(What is required):
Identify the line with "- Expand the"; copy word for word that line and every one after it, to the end of the listing. Exclude pictures.

(Given records):
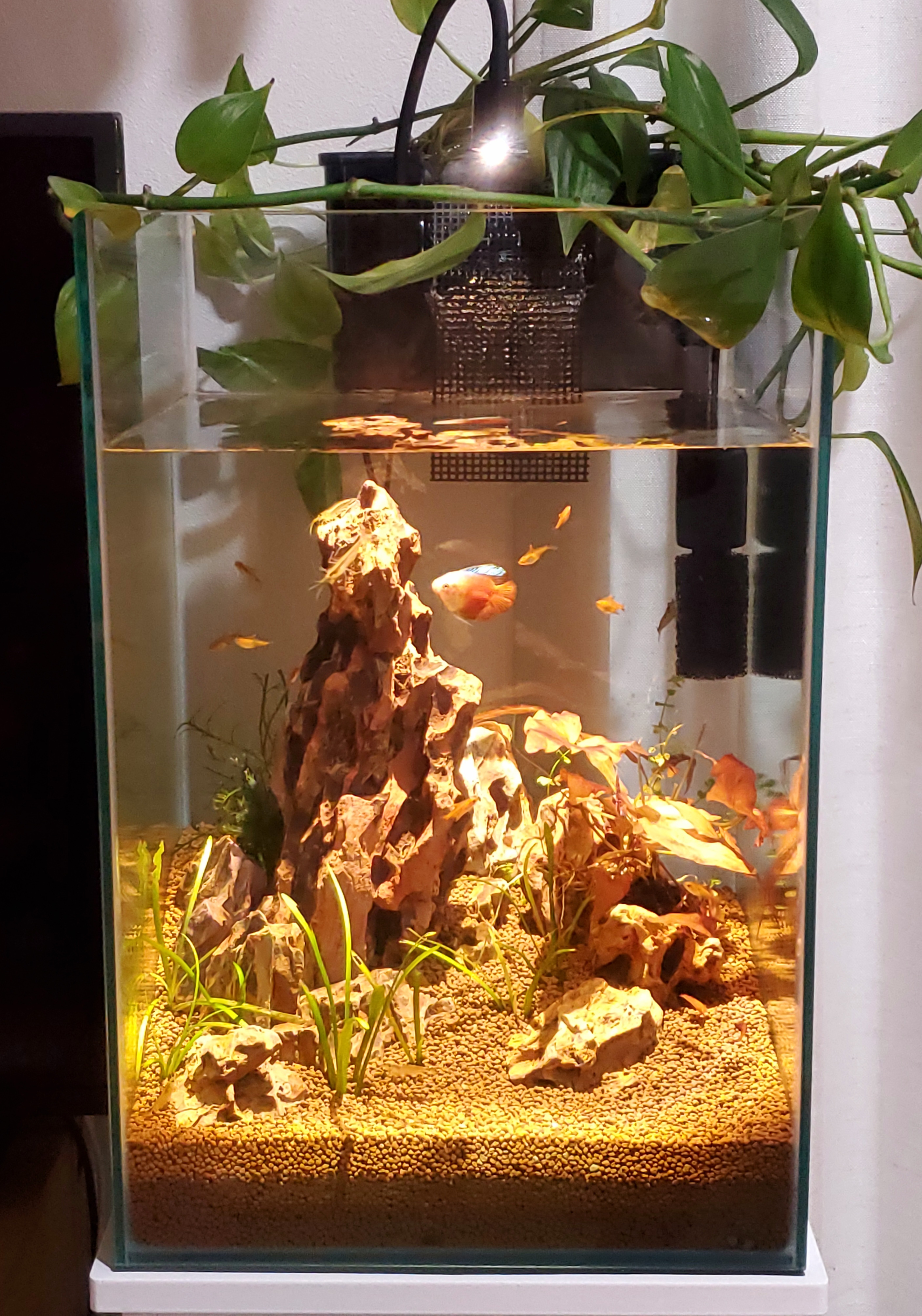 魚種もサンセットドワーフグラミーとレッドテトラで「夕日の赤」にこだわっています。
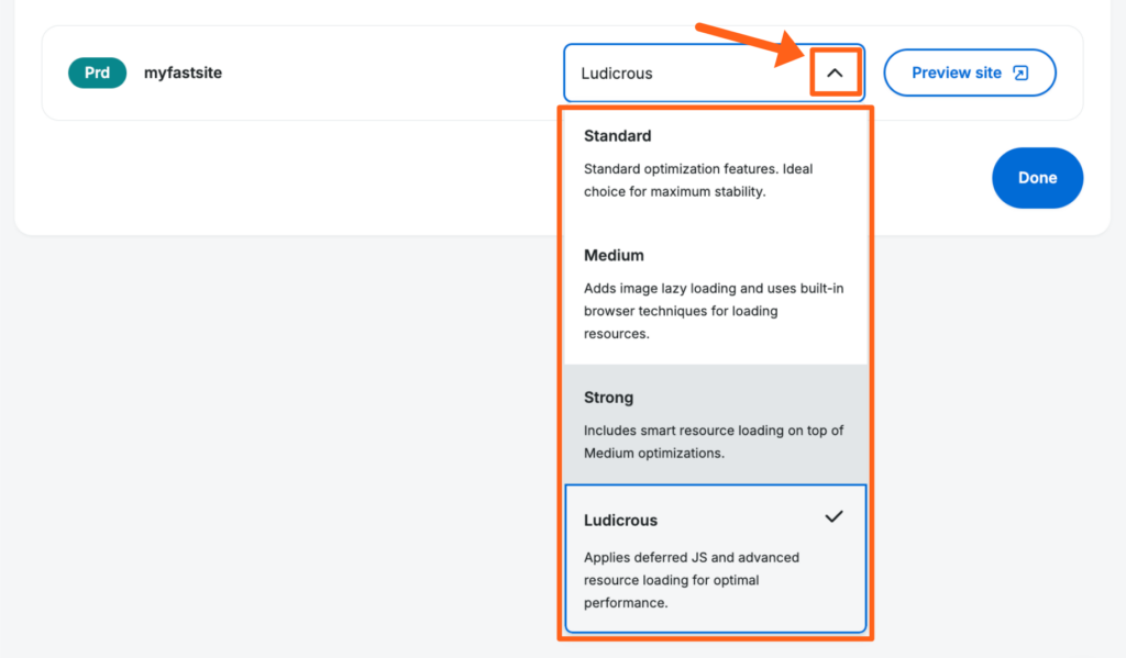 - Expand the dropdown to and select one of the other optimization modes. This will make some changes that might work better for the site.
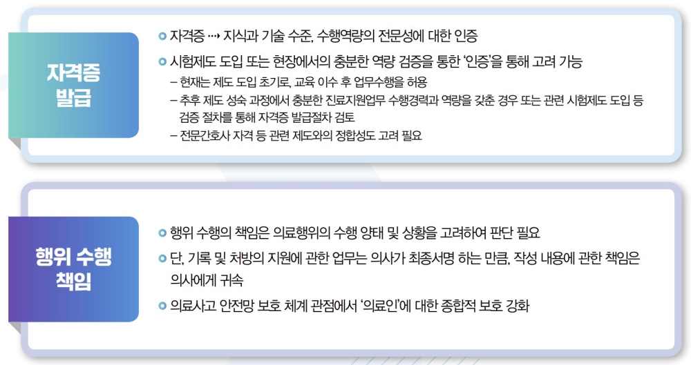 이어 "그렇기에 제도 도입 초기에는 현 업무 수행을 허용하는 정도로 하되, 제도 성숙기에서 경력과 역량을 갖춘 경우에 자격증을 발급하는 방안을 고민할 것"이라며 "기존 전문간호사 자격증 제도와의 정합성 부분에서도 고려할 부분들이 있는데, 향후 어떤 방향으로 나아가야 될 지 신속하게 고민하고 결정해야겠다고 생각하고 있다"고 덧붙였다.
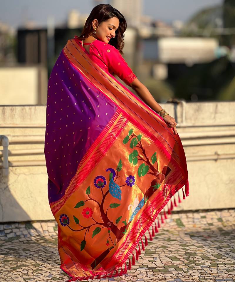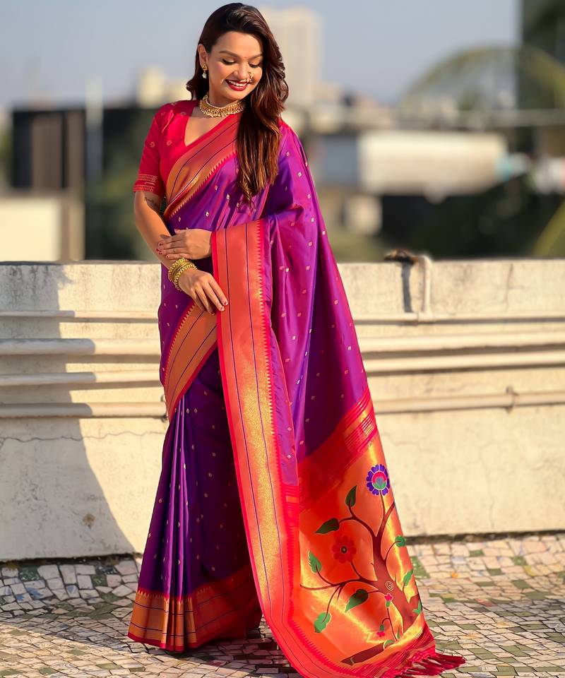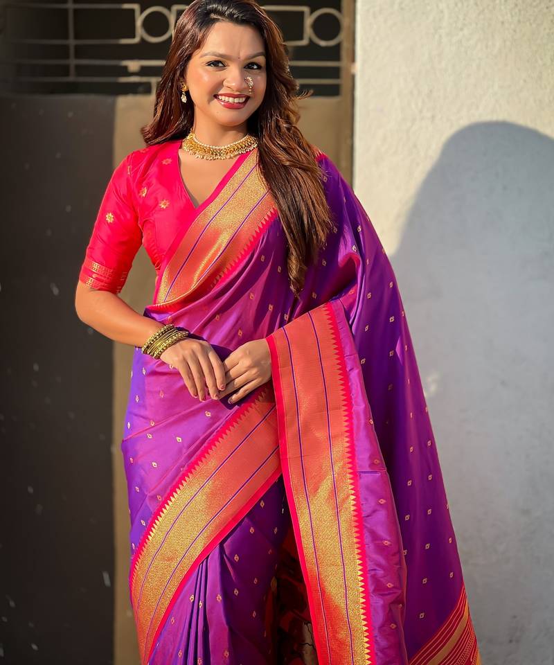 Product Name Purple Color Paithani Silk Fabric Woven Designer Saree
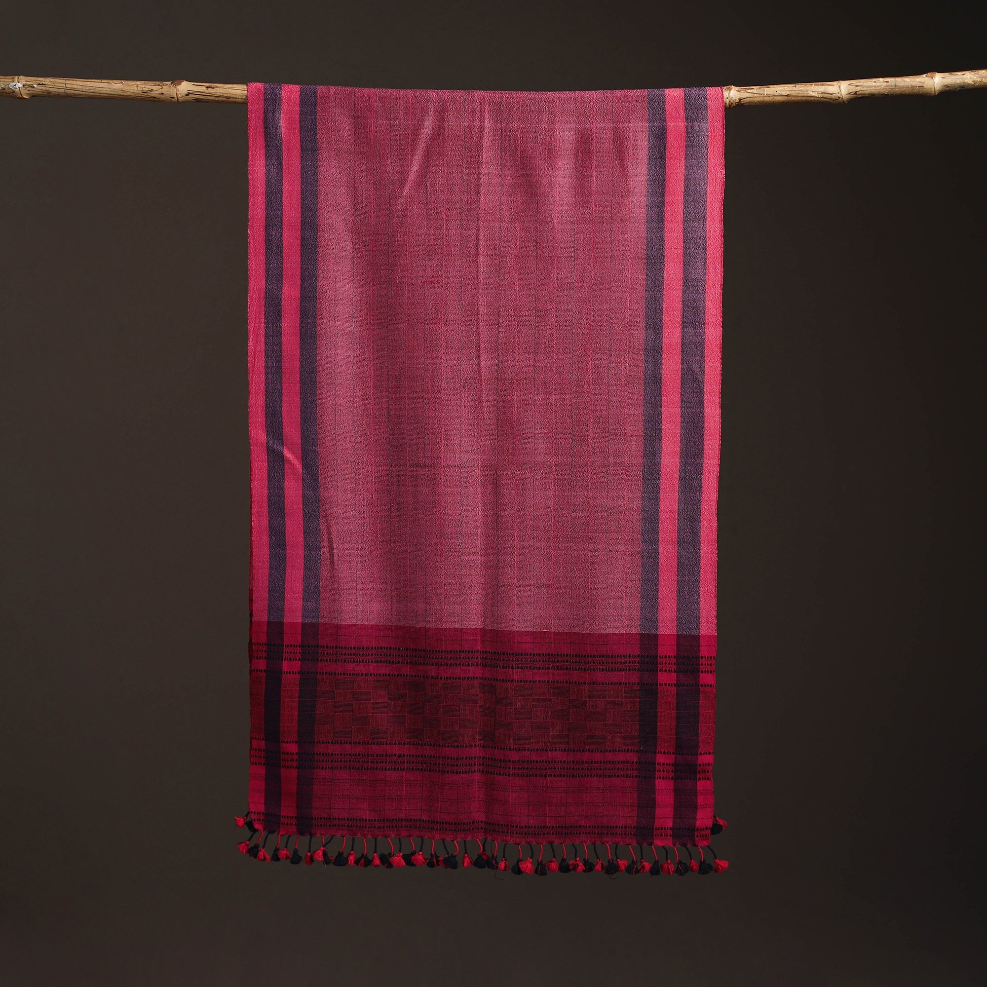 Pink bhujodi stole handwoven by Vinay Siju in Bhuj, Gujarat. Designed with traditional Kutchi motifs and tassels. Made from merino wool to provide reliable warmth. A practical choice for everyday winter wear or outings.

(Problem solution):
 - Expand the dropdown to and select one of the other optimization modes. This will make some changes that might work better for the site.
 이어 "그렇기에 제도 도입 초기에는 현 업무 수행을 허용하는 정도로 하되, 제도 성숙기에서 경력과 역량을 갖춘 경우에 자격증을 발급하는 방안을 고민할 것"이라며 "기존 전문간호사 자격증 제도와의 정합성 부분에서도 고려할 부분들이 있는데, 향후 어떤 방향으로 나아가야 될 지 신속하게 고민하고 결정해야겠다고 생각하고 있다"고 덧붙였다.
 Product Name Purple Color Paithani Silk Fabric Woven Designer Saree
 Pink bhujodi stole handwoven by Vinay Siju in Bhuj, Gujarat. Designed with traditional Kutchi motifs and tassels. Made from merino wool to provide reliable warmth. A practical choice for everyday winter wear or outings.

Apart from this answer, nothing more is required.